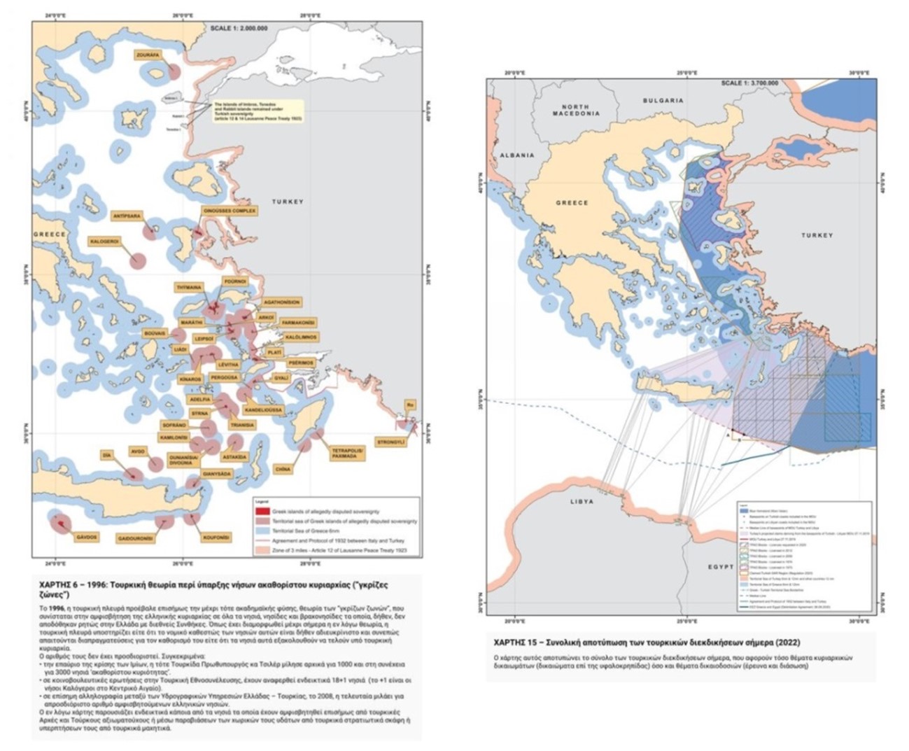 In the best-case-scenario for Turkey, even after international arbitration and according to the current territorial status quo, the Aegean Sea would probably remain a “Greek lake” because the interposition of hundreds of inhabited Greek Aegean islands could only allow for some local Turkish maritime re-entrants into the Aegean Archipelago, in a few sea areas beyond the Greek territorial waters. That’s why, quite recently, Turkey has also raised a sovereignty issue and question for all the islands belonging to its otherwise “NATO ally” Greece in the Eastern Aegean, extending from Samothraki down to Kastellorizo, whether small or large, uninhabited or inhabited, big islands or rocky islets. Turkey holds only trivial ground (islands and islets) to support and achieve an expansion of its maritime zones much deeper into the Aegean according to the established and still-in-force international treaties and conventions (the 1913 Bucharest Treaty, the 1914 London Convention, the 1923 Lausanne Treaty, and the 1947 Paris Treaty), so Turkish officials officially circulate the non-existent hypothesis of the supposedly “gray zones” of island sovereignty in the Aegean Archipelago. Thus, Turks intend to isolate and “neutralize”, or they threaten to use military force against the Greek islands of the Eastern Aegean so that their maritime zones may reach the desired depth according to their aspirations.
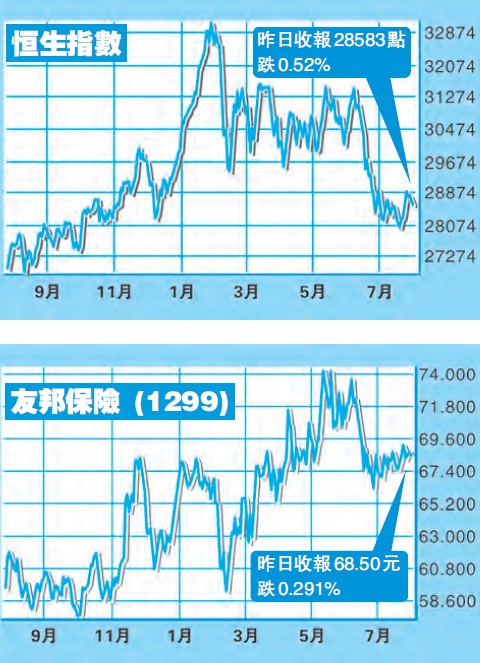 上周三港股繼續強勢,科技股、地產股及濠賭股升幅顯著,收升258點,恒指四連升累漲910點(3.25%)。上周三晚歐美達成協議,美歐貿易戰暫停,刺激美股繼續造好。港股上周四早段一度跟隨外圍高開162點,重上二萬九關,但人民幣仍繼續波動,港股最終倒跌139點,四連升斷纜。上周四Facebook晚急瀉19%,亞馬遜亦跌3%,令騰訊(700)等一眾科技股亦受壓,加上人民幣疲弱,港股上周五早段一度挫208點,低見28572點,惟午後部分地產股反彈,港股最終升23點,收報28804點。
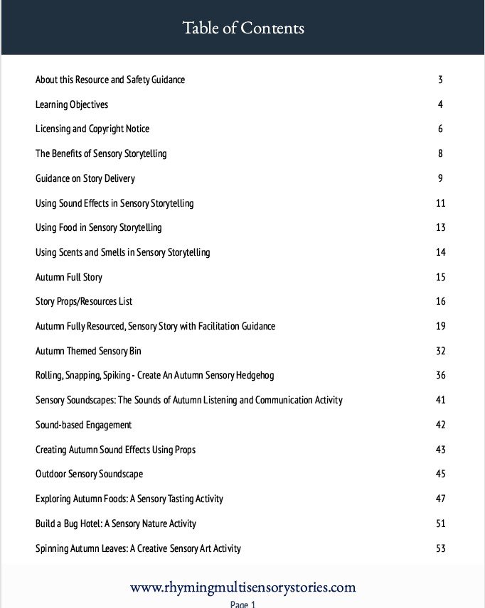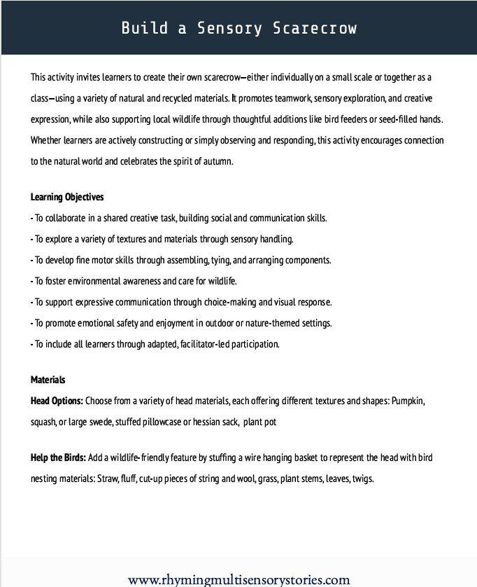 From exploring nature items, sensory boxes, and the vibrant colours, smells, textures, and taste of Autumn, listening to and creating soundscapes using everyday objects, to making sensory scarecrows, bug houses, and more… and with clear, comprehensive facilitation guidance and learning objectives, this resource supports educators, therapists, carers, and families in bringing Autumn to life.
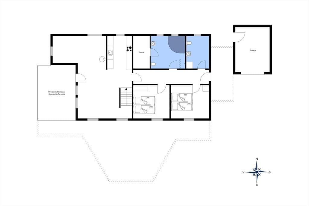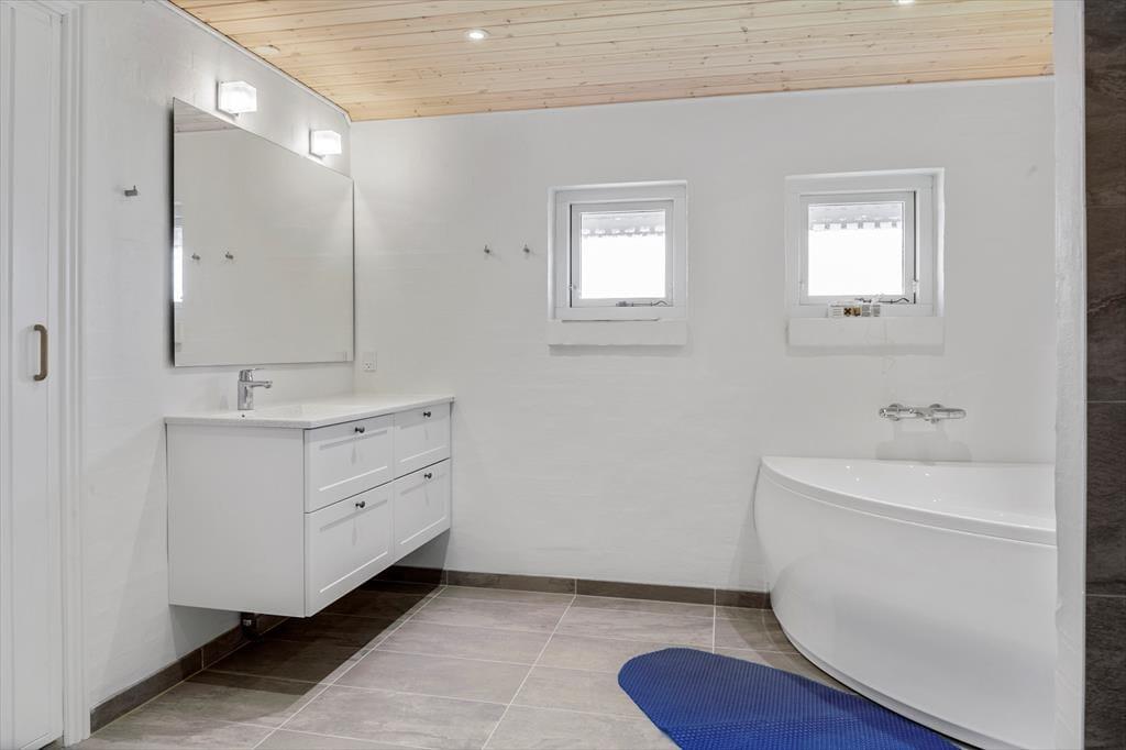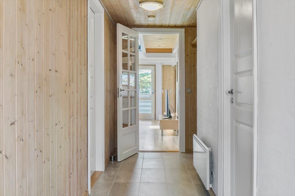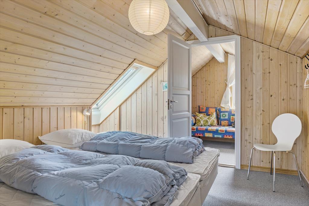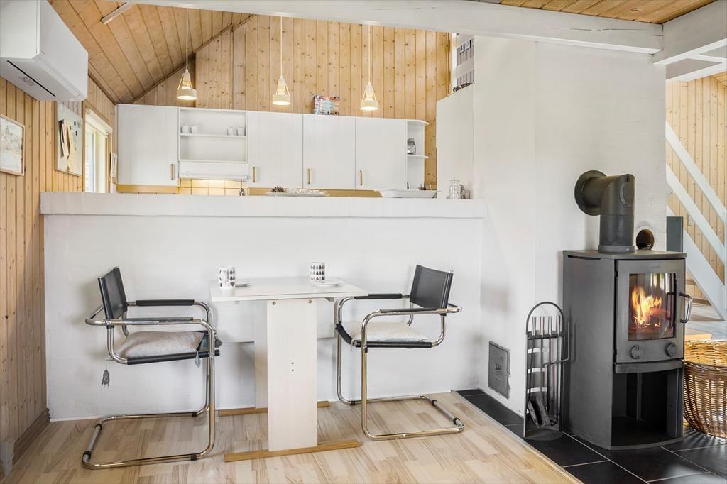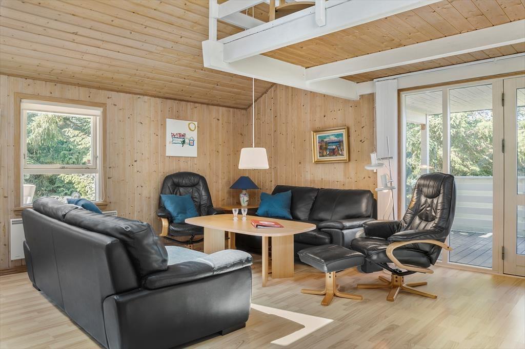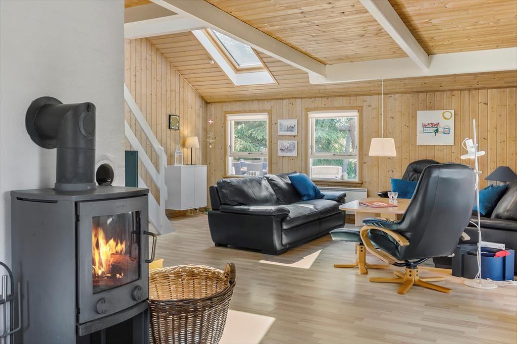 Det meget velholdte sommerhus er indrettet med 2 soverum i stueetagen. Hvert af disse soverum har en dobbeltseng. På 1. sal er der et 3. soverum ligeledes med en dobbeltseng og bagved dette soverum et mindre soverum med en enkelt sovesofa. Sommerhuset udlejes til 7 personer. På 1. sal er der et hyggeligt opholdsrum med stort fladskærms, hvorfra der er pragtfuld udsigt. Det store opholdsrum, med spiseafdeling, brændeovn og ligeledes stort fladskærms-TV, er i stueetagen. Du har gratis wi-fi internet i huset. Køkkenet er veludstyret på alle måder og ligger i åben forbindelse med opholsdrummet. Gæste-WC med vaskemaskine og tørretumbler og stort, luksuriøst badeværelse med spabad og sauna. Der er gulvvarme på det store badeværelse.
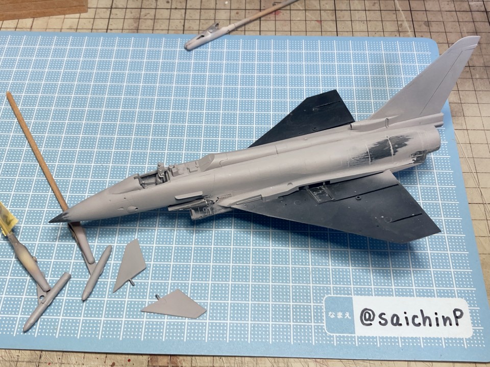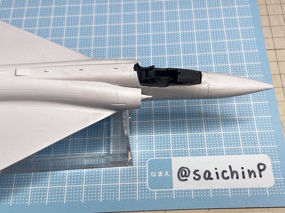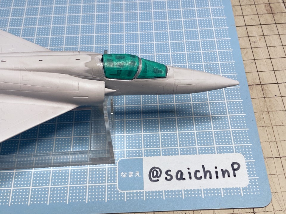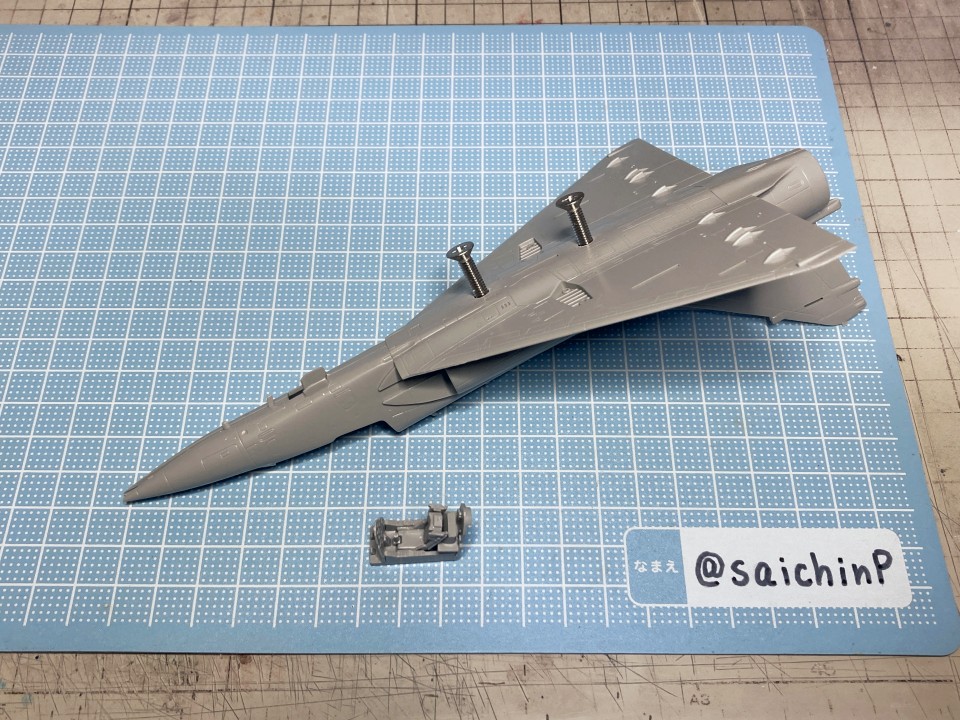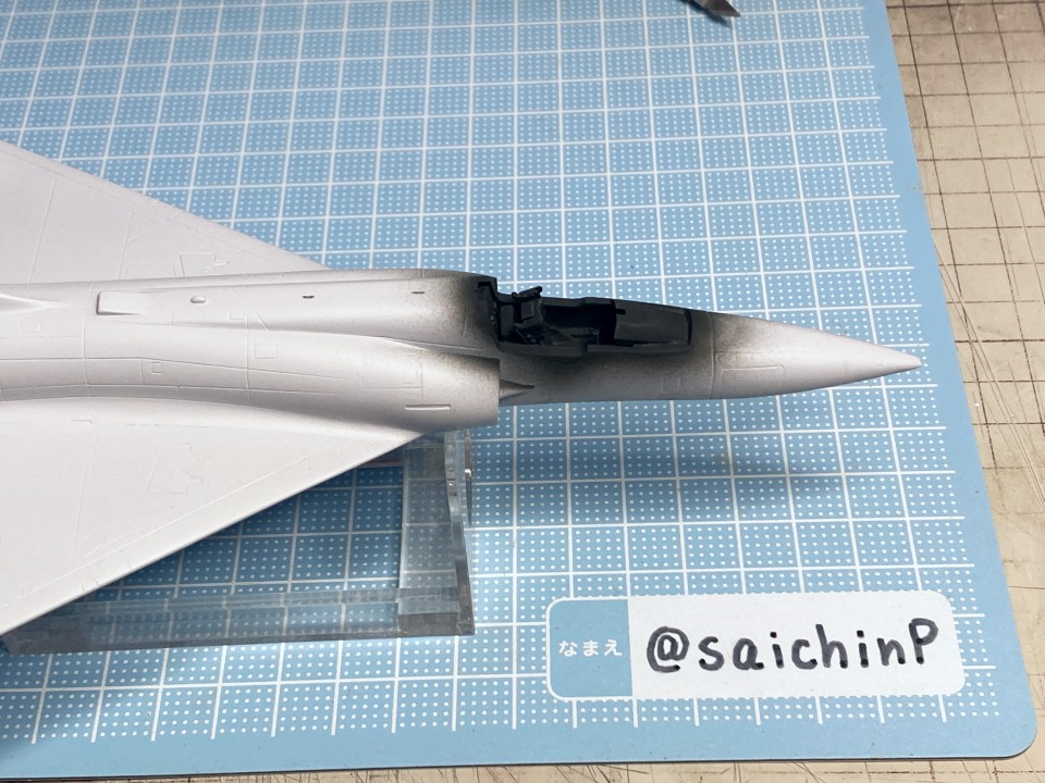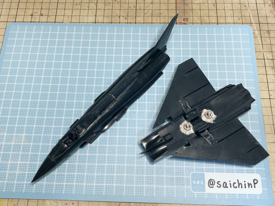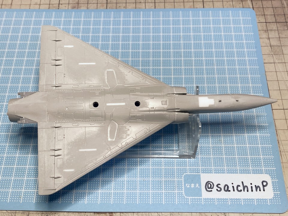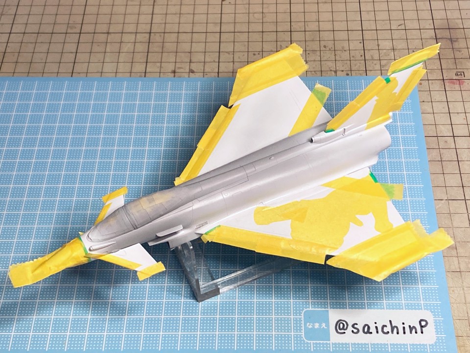 完成編の記事はこちら 真誕生日なのでタイフーンを作りました キットは中身がドイツレベル製の物です。 後年にハセガワから新金型で繊細なモールドの素晴らしいタイフーンのキットが出ているのですが、それと比較するとバリ、ヒケ、歪みなど多く組み立てにはそれ相応の手間がかかります。 デカールだけ流用してハセガワのキットを使ったら楽だろうなと考えてしまいますが、私は当時のキットで作ることをコンセプトにしているのでこのままいきます。 下面に額縁取付用のナットを仕込んで、脚カバーは飛行状態に閉じます。 サフ吹いてチェックすると、ヒケ、歪み、段差などがあちこちにあるので国産キットのパチピタというわけにはいきません。 主翼下面がエアインテークと一体なのでここの合わせが一番手間がかかりました。 後から主翼上面を取り付けて形になったらコックピットをジャーマングレーでベタ塗り。 キャノピーも磨いて整えないと表面がでこぼこしています、取り付けたらマスキングして表面処理と消えたスジ彫りの修復とかをしました、ここが一番時間がかかっています。 納得できる表面になったら下地の白を吹き付け。 機体色が黒なので、白ライン以外の部分の胴体とかはサフ地のままです。 いつもな感じに白ラインとアイドル部分のマスキングをして機体色の黒を吹きます。 説明書のレシピに黒を足してより黒っぽくしたものを吹きました。 マスキングを剥がしたらクリアーを吹いてウェザリングカラーのマルチグレーでスミ入れ。 ここまで、白、黒、クリアーを吹いてますが都度、軽く研ぎ出しをしています。 2000番で数回軽く撫でてからメラミンスポンジで擦る感じです。 ノズル部分の金属色をマスキングして塗り分けました。 ちなみにノズルは開状態、閉状態の選択式でしたが、閉状態は湯が回って無くて欠けていて使えなかったので選択の余地なく開状態を使用しています。 デカール貼りは最初に主翼のハの字のラインデカールを貼ります、白を塗装にしているとデカールをカットする必要があるのでやや難易度高いです。 薔薇の花びらデカールを重ねて貼っていきます。 今回からデカール用のぬるま湯の為にカップウォーマーを導入しました。 朝から晩まで作業しててもぬるま湯状態がキープされて便利でした。 花びらの後にロゴやらコーションデカールを貼って、最後にアイドルを貼ってデカールは終わり。 このあと乾燥させてからぬるま湯で拭いてデカールの糊などを拭き取ってから半光沢クリアを吹いて完成です。 作業期間は約4週間。 関連 真誕生日なのでタイフーンを作りました F-2A 双海亜美&F-16C 双海真美 制作編 Su-33 星井美希 制作編
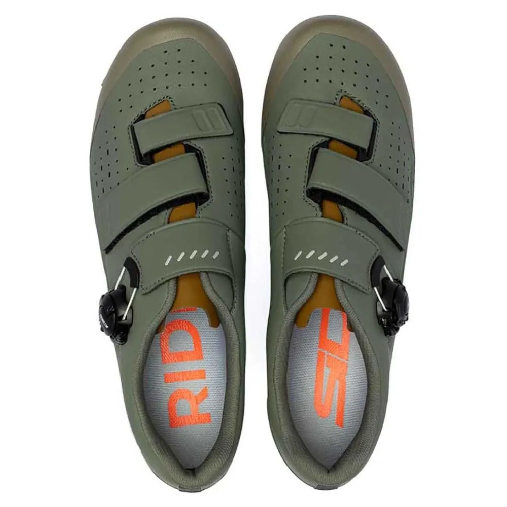 Połączenie między Tobą a Twoim rowerem jest udoskonalone dzięki podeszwie MTB SR17. Ta lekka, ale wytrzymała podeszwa została zaprojektowana z myślą o sztywności, zapewniając wyjątkowy transfer mocy dla wybuchowego przyspieszenia i wydajnego wspinania się. Wzór bieżnika został specjalnie zaprojektowany, aby zapewnić doskonałą przyczepność, gdy jesteś poza rowerem, pewnie poruszając się po odcinkach "hike-a-bike" lub trudnym terenie. Jego sprytna konstrukcja ułatwia również odprowadzanie błota, utrzymując bloki w czystości, co zapewnia niezawodne wpinanie pedałów. Dla zwiększenia trwałości i wartości, podeszwa posiada wymienne wkładki bieżnika i jest kompatybilna z kolcami, które zapewniają dodatkową przyczepność w najtrudniejszych warunkach. Atrybuty:
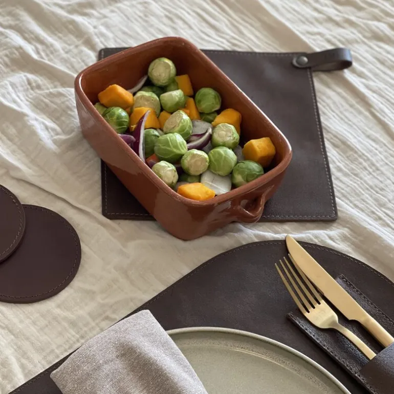 Leather gryteklut fra Crafted er et luksuriøst og funksjonelt tilbehør til kjøkkenet, designet for å tåle høye temperaturer og samtidig være en stilig detalj. Den måler 21 x 21 cm og er håndlaget i Nederland av høykvalitets kuskinn. Med to lag skinn gir denne grytekluten ekstra beskyttelse mot varme, noe som gjør den ideell for håndtering av varme panner og gryter.
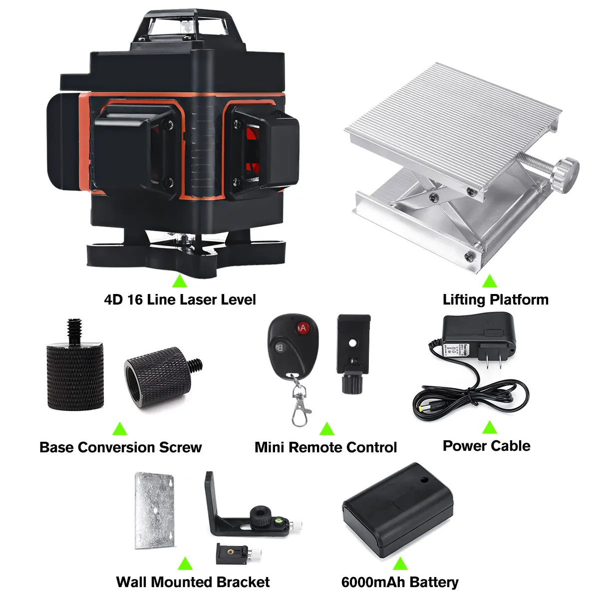 Посылка включает в себя:1x 3D/4D 12/16 линейный лазерный уровень1 подъемная платформа1x Мини-пульт дистанционного управления1x аккумулятор2x настенный кронштейн (разный размер)1x Кабель питания1x руководство на английском языке
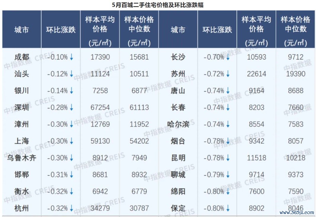 典型城市的二手房价格则出现调整。如二手房市场相对抗跌的城市包括成都、汕头、银川、深圳和漳州,5月二手住宅价格分别下跌0.10%、0.12%、0.14%、0.28%和0.30%。
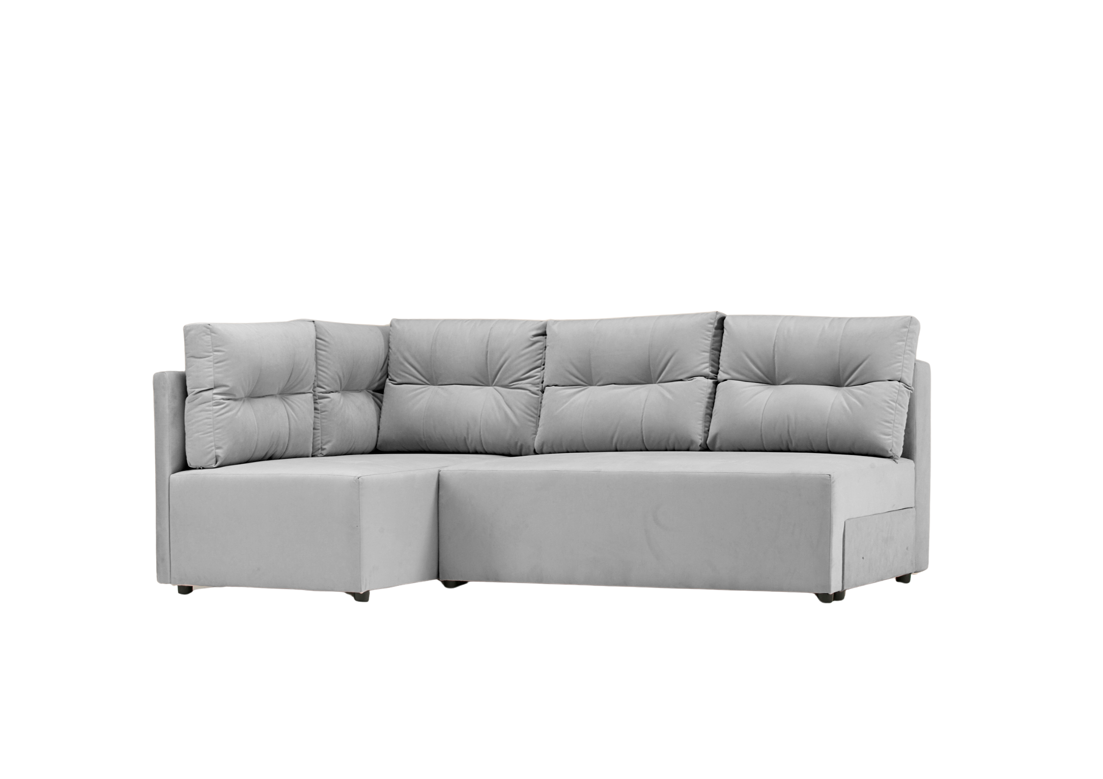 Kanapa narożna lewa produkowana w wymiarze 208x140cm jest meblem idealnym dla małych pomieszczeń. Rogówka rozkłada się do funkcji spania, posiada 1 pojemnik na pościel pod powierzchnią siedziskową. Narożnik wyposażyliśmy w 5 dużych pikowanych poduszek, które od strony ściany mają również podporę, by zapobiegać jej brudzeniu.

▶ _WHAT IS REQUIRED_:
Only the lines from the one with "典型城市的二手房价格则出现调" through the last line of the records above are wanted, copied exactly and with pictures omitted.

▶ _RESPONSE BELOW_:
 典型城市的二手房价格则出现调整。如二手房市场相对抗跌的城市包括成都、汕头、银川、深圳和漳州,5月二手住宅价格分别下跌0.10%、0.12%、0.14%、0.28%和0.30%。
 Kanapa narożna lewa produkowana w wymiarze 208x140cm jest meblem idealnym dla małych pomieszczeń. Rogówka rozkłada się do funkcji spania, posiada 1 pojemnik na pościel pod powierzchnią siedziskową. Narożnik wyposażyliśmy w 5 dużych pikowanych poduszek, które od strony ściany mają również podporę, by zapobiegać jej brudzeniu.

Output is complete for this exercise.